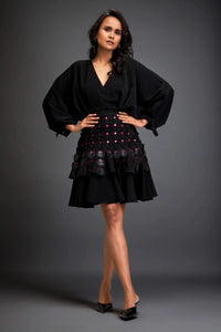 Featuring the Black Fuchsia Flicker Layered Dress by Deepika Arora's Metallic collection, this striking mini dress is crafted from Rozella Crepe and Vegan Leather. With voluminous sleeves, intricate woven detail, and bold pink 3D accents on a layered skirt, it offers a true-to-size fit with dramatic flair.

---

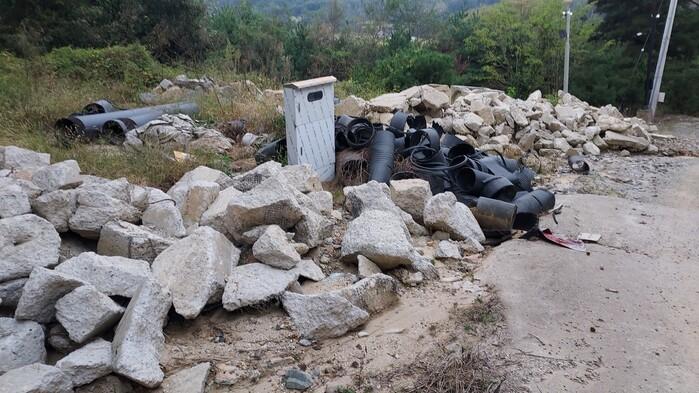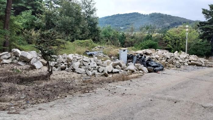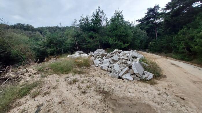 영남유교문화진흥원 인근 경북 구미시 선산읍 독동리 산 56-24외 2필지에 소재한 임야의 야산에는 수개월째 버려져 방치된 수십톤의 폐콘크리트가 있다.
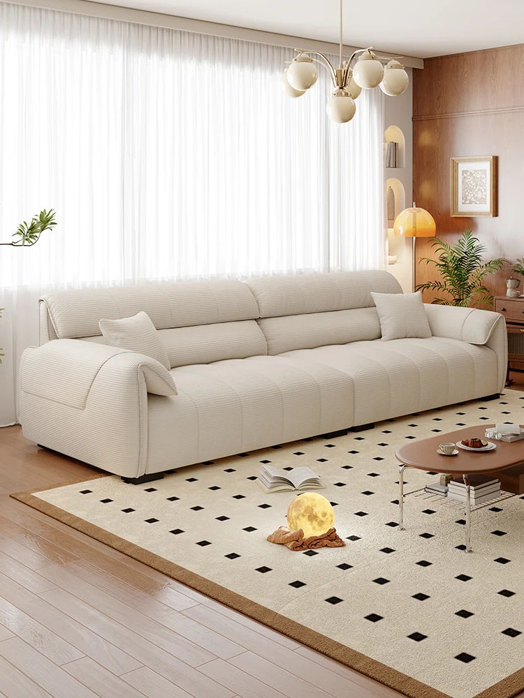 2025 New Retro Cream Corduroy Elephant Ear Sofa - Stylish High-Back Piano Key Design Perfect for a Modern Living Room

Exercise prompt: When you reach the line with "영남유교문화진흥원 인근 경북" in the records above, begin repeating the lines exactly, and stop after the line with "2025 New Retro". Skip all pictures.

Written answer:
 영남유교문화진흥원 인근 경북 구미시 선산읍 독동리 산 56-24외 2필지에 소재한 임야의 야산에는 수개월째 버려져 방치된 수십톤의 폐콘크리트가 있다.
 2025 New Retro Cream Corduroy Elephant Ear Sofa - Stylish High-Back Piano Key Design Perfect for a Modern Living Room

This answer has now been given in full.